Мать и дочь засмеялись. Тоня одобрительно кивнула ему, подбадривая еще на какую-нибудь шутку. Но ему было не до шуток.
— Пойдемте пить чай, — сказала мать, и к дочери: — Наш «сам себе агроном» еще не явился?
Дочь приподняла покатые плечи, мол, видишь, чего спрашивать.
Накрывая на стол, Тонина мать говорила:
— А вот мы сейчас попробуем булочки с ванилью. В последнее время кое-что стало появляться. Приятно. — И она поставила на стол плетенную из еловых корней хлебницу, на которой золотистой горкой возвышались булочки.

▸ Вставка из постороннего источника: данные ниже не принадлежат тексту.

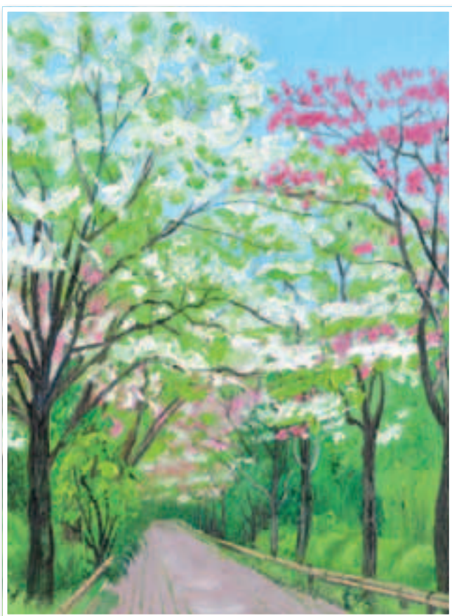
▲秋山静子作「ハナミズキ」2007 (大宮二十景絵葉書冊子より)
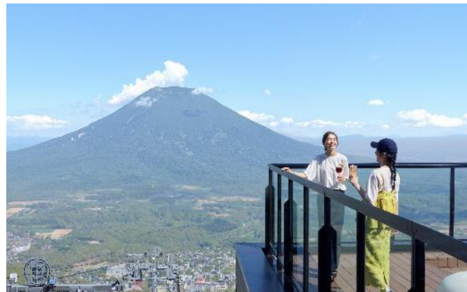
YOTEI SKY TERRACE
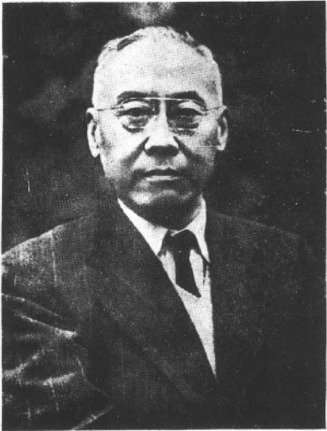
中國社會黨主席張勳先生照

Тимофей выпек их сегодня утром. Он не мог не вспомнить, когда именно доставал их из печи. Он немного их передержал, и булочки сильнее обычного пахли пригоревшей корочкой.
— Под вашим руководством? — улыбаясь, спросила Тонина мать.
Он не ответил. Он все глядел на свои булочки.
Вместо ответа сказал:
— Это что… с ванилью. Было бы все под руками… И дорожные булочки можно выпекать. И венгерские ватрушки с творогом.
— Глядите-ка! — подняла брови мать.
А Тоня посмотрела на него смеющимися глазами: ждала новой шутки. Она никак не могла понять, что Тимофей не сказал ни одного шутливого слова. Все было сказано всерьез. А он, конечно, не мог себе и представить, что все, что он говорит, казалось ей смешной, глупой неправдой. Откуда Тимофею знать все это? И зачем это знать? Просто смешно думать о каких-то ватрушках с творогом.
За столом в маленькой комнатке, где кроме стола был лишь буфет с посудой да телевизор в углу, было чисто, светло и уютно и также ничего лишнего. Тимофея начинала донимать предательская робость. Ему неловко было сесть за стол, и Тонина мать принялась его упрашивать, и только тогда он сел.
Мать принесла и поставила на стол огромный семейный термос, похожий на самовар, с той лишь разницей, что у него не было краника и к тому же он был расписан до последнего квадратного сантиметра. Чай был горяч, но пах намокшей пробкой. Тимофей, отпивая, наблюдал, как Тонина мать аппетитно ела булочки, но сам не мог их взять в рот.
Он не знал, почему не мог их взять в рот — то ли потому, что днем наелся их досыта, то ли потому, что здесь, на людях, да еще при Тоне, булочки эти были для него больше чем только булочки. И Тоня тоже не ела. Мать обратила на это внимание.
— Я днем штук десять уплела. С молоком, — сказала она, намазывая сыром «Дружба» кусок городской булки. — Теперь и запах неприятен.
— Ты всегда так… — вздохнула мать.
Они пили чай, и мать рассказывала о происшествиях в больнице. Парень сбежал из палаты — к кому-то приревновал жену. Пришлось посылать машину и обратно водворять его в больницу. Была трудная операция, и мать и дочь заговорили о ней, употребляя непонятные Тимофею латинские слова, и обе на минуту притихли, загрустили вроде.
Тимофей слушал рассказы нетерпеливо, ему хотелось скорее закончить чаепитие и остаться с Тоней вдвоем, но мать все рассказывала и рассказывала, пока насупившаяся и рассердившаяся Тоня не остановила ее:
— Мам, ты вроде дразнишь меня…
Мать остановилась, посмотрела на нее, как бы ничего не понимая, сказала:
— Что ты, глупая? — И к Тимофею: — У вас была своя мечта, Тимофей, ну кем вы хотели стать?